**WHAT YOU HAVE TO DO**
What you return should be the lines from the one with "بيئة هادئة ومريحة." through the one with "阿森纳的主要替补包括马丁内利" in the data below, reproduced exactly with both ends, and no pictures at all.

(Data records)
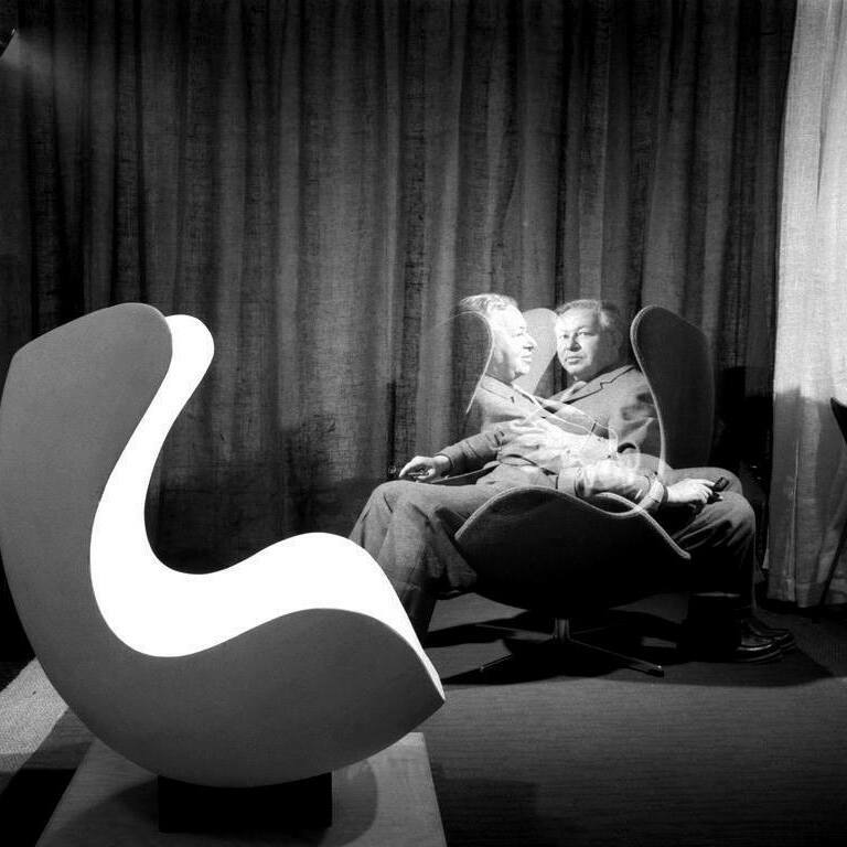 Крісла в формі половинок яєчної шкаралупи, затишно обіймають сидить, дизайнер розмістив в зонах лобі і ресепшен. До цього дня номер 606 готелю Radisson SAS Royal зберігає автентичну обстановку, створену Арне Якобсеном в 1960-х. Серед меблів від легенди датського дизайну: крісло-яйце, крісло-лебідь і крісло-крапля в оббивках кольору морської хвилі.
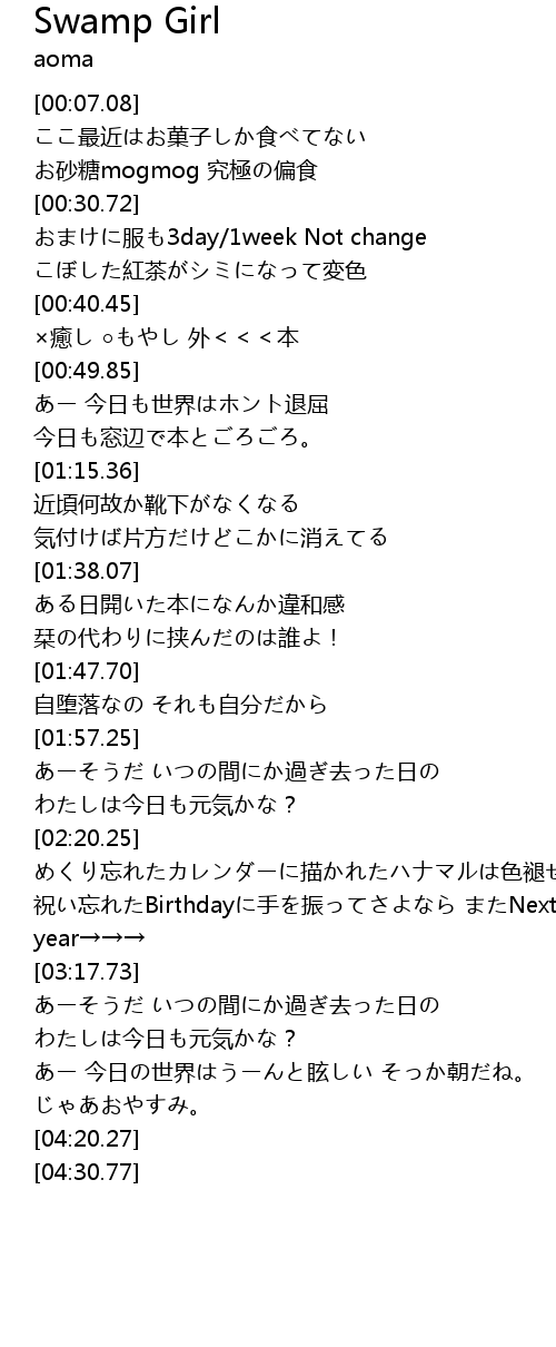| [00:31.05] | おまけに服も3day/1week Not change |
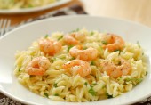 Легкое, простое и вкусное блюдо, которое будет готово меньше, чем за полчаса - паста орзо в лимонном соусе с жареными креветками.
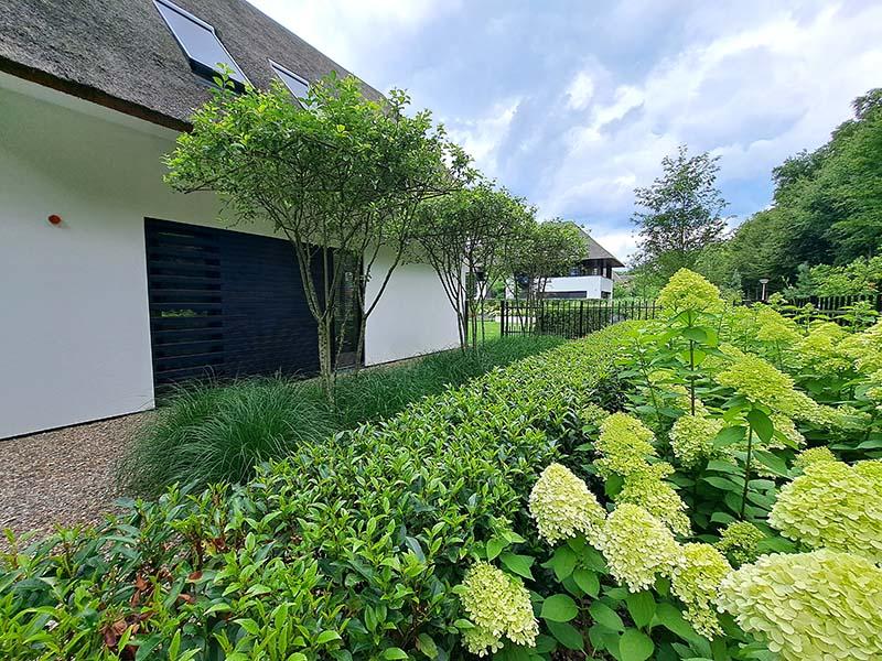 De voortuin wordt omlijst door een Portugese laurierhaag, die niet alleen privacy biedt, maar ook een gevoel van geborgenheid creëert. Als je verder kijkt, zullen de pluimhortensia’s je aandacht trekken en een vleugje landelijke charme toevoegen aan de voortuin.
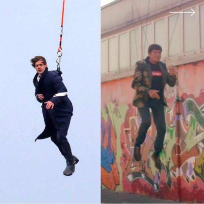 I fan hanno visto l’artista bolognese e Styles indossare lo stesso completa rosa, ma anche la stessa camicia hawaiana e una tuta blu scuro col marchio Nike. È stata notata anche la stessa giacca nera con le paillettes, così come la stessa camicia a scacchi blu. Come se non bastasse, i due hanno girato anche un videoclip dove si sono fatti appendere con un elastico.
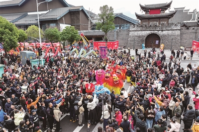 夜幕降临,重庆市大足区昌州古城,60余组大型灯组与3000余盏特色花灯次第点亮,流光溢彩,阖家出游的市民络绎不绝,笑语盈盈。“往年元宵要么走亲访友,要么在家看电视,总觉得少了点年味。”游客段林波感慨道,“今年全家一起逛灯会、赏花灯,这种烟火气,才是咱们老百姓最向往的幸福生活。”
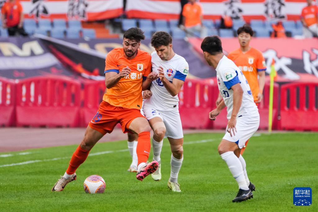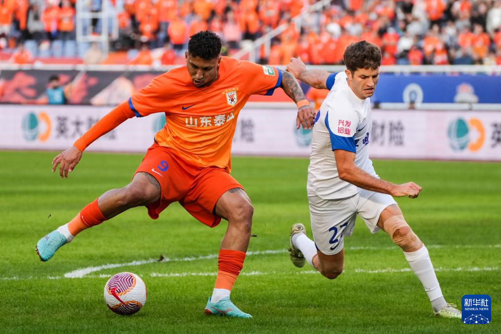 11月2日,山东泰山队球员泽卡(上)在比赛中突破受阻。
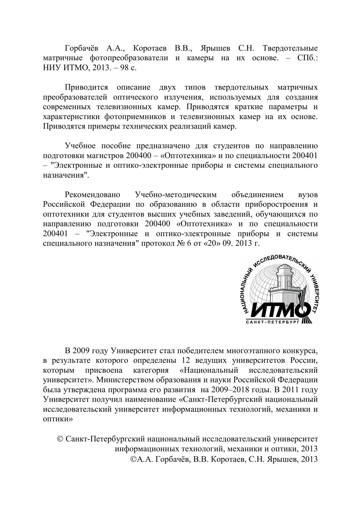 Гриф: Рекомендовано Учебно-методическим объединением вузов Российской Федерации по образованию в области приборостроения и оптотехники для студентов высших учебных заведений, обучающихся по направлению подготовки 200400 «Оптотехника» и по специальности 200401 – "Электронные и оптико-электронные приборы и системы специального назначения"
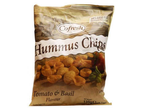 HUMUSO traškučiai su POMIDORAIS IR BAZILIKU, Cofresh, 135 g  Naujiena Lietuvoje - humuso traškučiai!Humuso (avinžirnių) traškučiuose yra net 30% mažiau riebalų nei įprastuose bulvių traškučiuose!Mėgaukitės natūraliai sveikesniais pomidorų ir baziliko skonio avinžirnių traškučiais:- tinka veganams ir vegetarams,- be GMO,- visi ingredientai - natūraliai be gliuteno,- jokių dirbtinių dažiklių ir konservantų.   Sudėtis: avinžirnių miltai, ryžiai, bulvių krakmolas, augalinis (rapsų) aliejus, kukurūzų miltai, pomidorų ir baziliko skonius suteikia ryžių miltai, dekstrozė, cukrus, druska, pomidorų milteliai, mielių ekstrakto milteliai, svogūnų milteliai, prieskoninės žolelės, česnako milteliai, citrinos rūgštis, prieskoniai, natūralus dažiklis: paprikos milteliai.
* * *
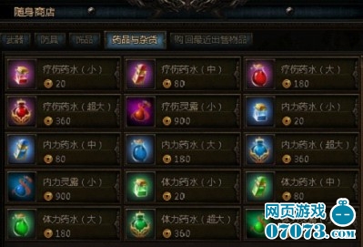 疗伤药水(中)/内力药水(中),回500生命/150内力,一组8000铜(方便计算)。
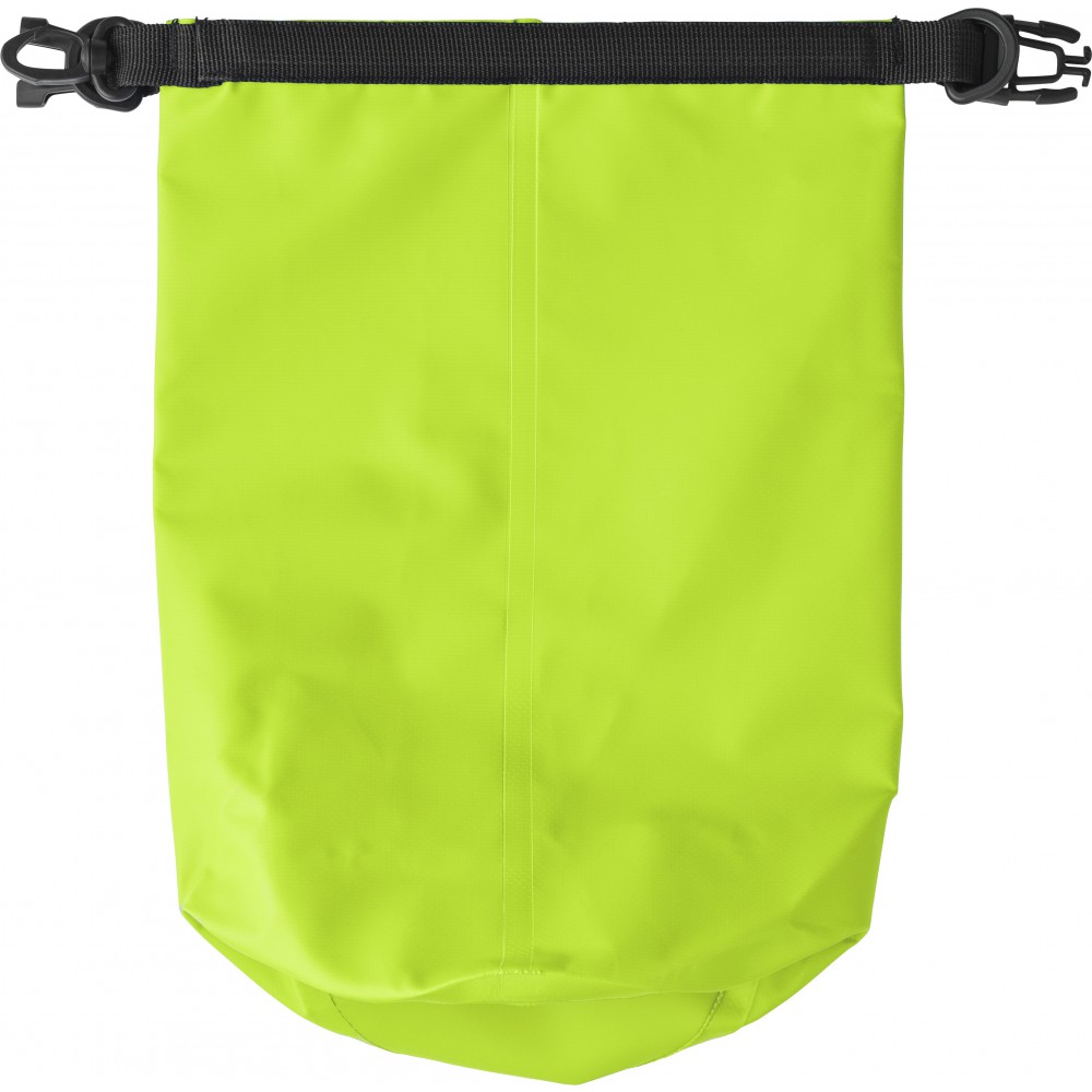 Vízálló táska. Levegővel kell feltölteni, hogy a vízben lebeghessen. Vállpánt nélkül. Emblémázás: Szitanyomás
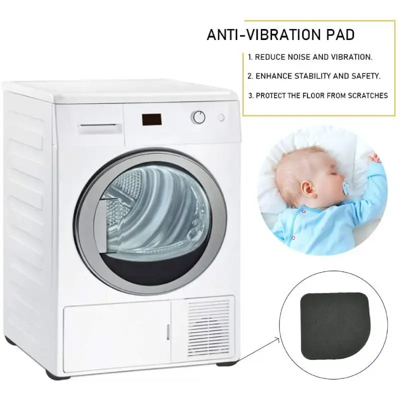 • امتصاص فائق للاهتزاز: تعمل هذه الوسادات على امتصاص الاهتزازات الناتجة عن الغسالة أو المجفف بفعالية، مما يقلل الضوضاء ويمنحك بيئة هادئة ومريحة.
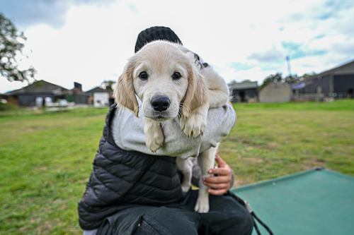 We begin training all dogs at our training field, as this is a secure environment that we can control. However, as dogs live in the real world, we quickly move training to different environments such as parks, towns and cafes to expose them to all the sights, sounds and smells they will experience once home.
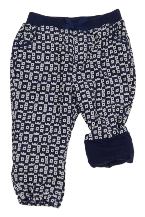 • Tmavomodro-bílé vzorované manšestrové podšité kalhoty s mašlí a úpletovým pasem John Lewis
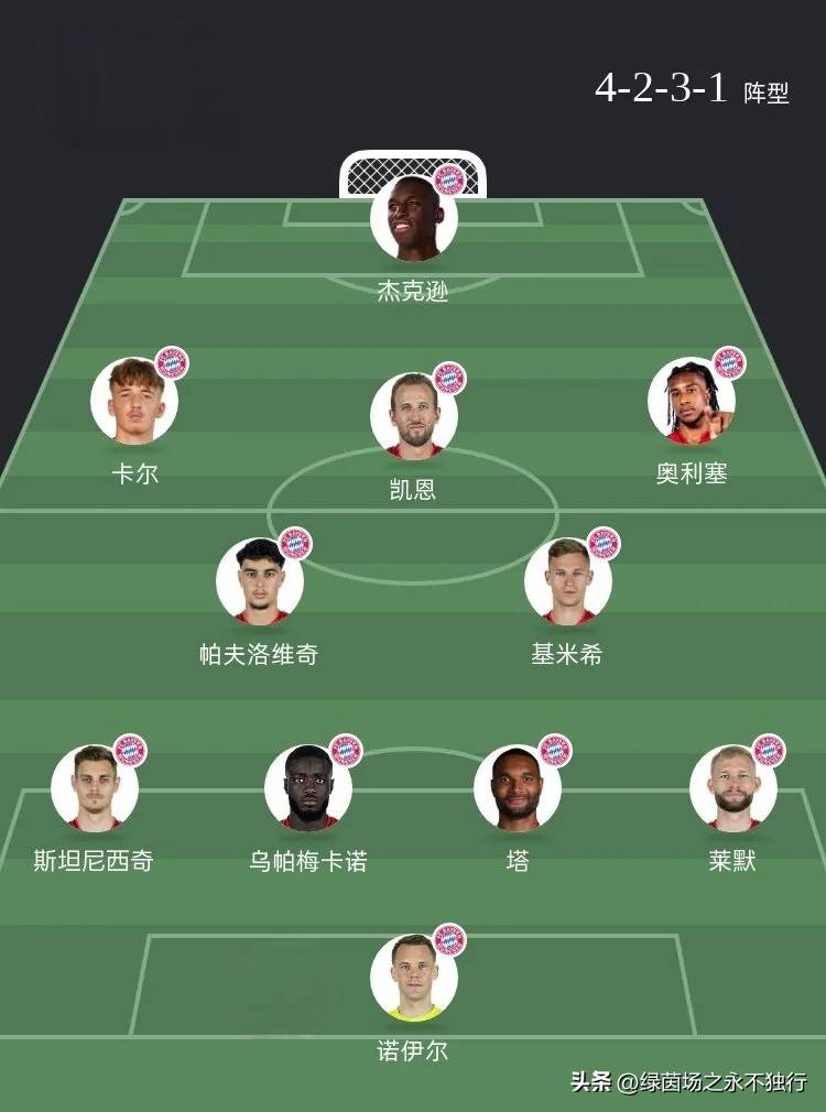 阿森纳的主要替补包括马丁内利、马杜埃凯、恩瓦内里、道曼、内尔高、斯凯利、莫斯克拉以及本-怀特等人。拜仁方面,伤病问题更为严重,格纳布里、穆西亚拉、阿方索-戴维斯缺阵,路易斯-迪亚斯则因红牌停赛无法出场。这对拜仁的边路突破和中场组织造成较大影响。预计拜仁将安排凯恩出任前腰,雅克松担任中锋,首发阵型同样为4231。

**RESPONSE AREA**
 • امتصاص فائق للاهتزاز: تعمل هذه الوسادات على امتصاص الاهتزازات الناتجة عن الغسالة أو المجفف بفعالية، مما يقلل الضوضاء ويمنحك بيئة هادئة ومريحة.
 We begin training all dogs at our training field, as this is a secure environment that we can control. However, as dogs live in the real world, we quickly move training to different environments such as parks, towns and cafes to expose them to all the sights, sounds and smells they will experience once home.
 • Tmavomodro-bílé vzorované manšestrové podšité kalhoty s mašlí a úpletovým pasem John Lewis
 阿森纳的主要替补包括马丁内利、马杜埃凯、恩瓦内里、道曼、内尔高、斯凯利、莫斯克拉以及本-怀特等人。拜仁方面,伤病问题更为严重,格纳布里、穆西亚拉、阿方索-戴维斯缺阵,路易斯-迪亚斯则因红牌停赛无法出场。这对拜仁的边路突破和中场组织造成较大影响。预计拜仁将安排凯恩出任前腰,雅克松担任中锋,首发阵型同样为4231。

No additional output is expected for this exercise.